- _The problem_:
Return each line of the listing exactly, though without its images.

- _Provided data_:
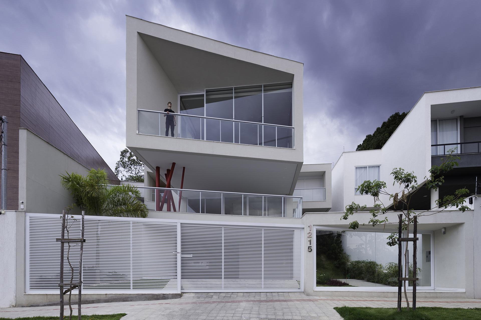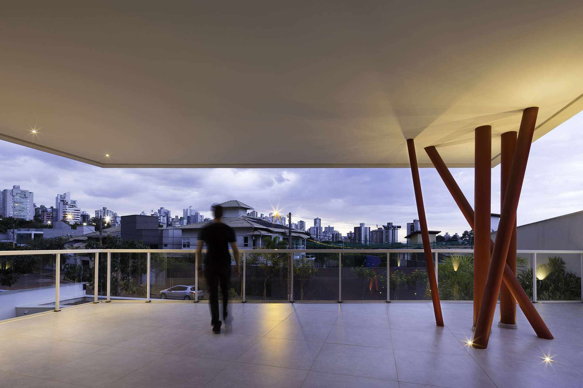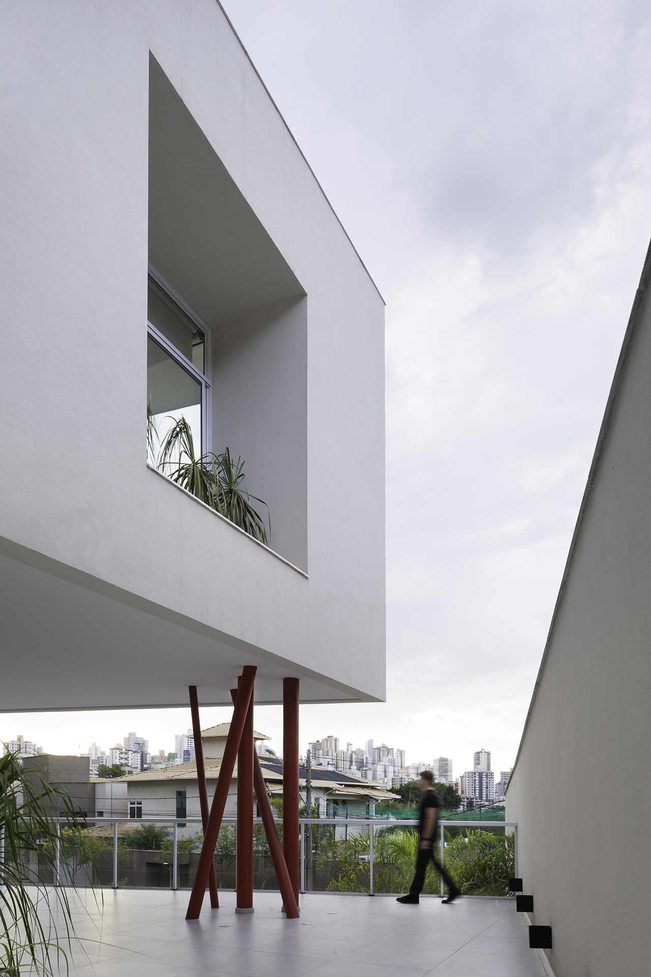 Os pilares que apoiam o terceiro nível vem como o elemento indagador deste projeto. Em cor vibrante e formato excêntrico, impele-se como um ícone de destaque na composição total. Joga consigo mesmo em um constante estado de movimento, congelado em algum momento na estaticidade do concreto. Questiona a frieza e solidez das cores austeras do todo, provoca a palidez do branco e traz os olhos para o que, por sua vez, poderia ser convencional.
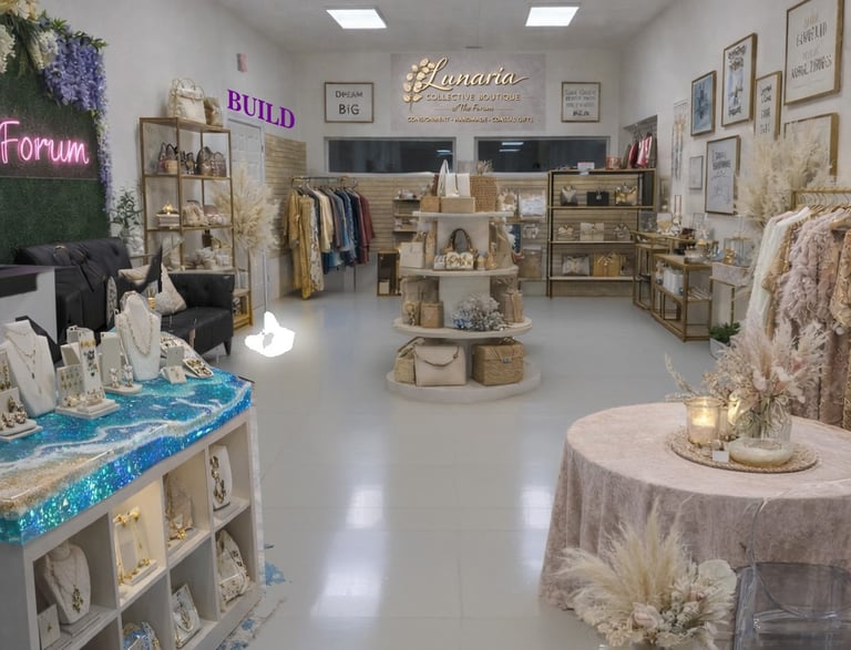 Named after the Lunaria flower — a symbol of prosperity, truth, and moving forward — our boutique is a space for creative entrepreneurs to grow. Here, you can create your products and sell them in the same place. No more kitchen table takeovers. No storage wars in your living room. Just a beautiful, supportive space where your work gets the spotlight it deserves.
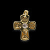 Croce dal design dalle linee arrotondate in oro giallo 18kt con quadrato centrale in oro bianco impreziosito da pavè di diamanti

- _Exercise response_:
 Os pilares que apoiam o terceiro nível vem como o elemento indagador deste projeto. Em cor vibrante e formato excêntrico, impele-se como um ícone de destaque na composição total. Joga consigo mesmo em um constante estado de movimento, congelado em algum momento na estaticidade do concreto. Questiona a frieza e solidez das cores austeras do todo, provoca a palidez do branco e traz os olhos para o que, por sua vez, poderia ser convencional.
 Named after the Lunaria flower — a symbol of prosperity, truth, and moving forward — our boutique is a space for creative entrepreneurs to grow. Here, you can create your products and sell them in the same place. No more kitchen table takeovers. No storage wars in your living room. Just a beautiful, supportive space where your work gets the spotlight it deserves.
 Croce dal design dalle linee arrotondate in oro giallo 18kt con quadrato centrale in oro bianco impreziosito da pavè di diamanti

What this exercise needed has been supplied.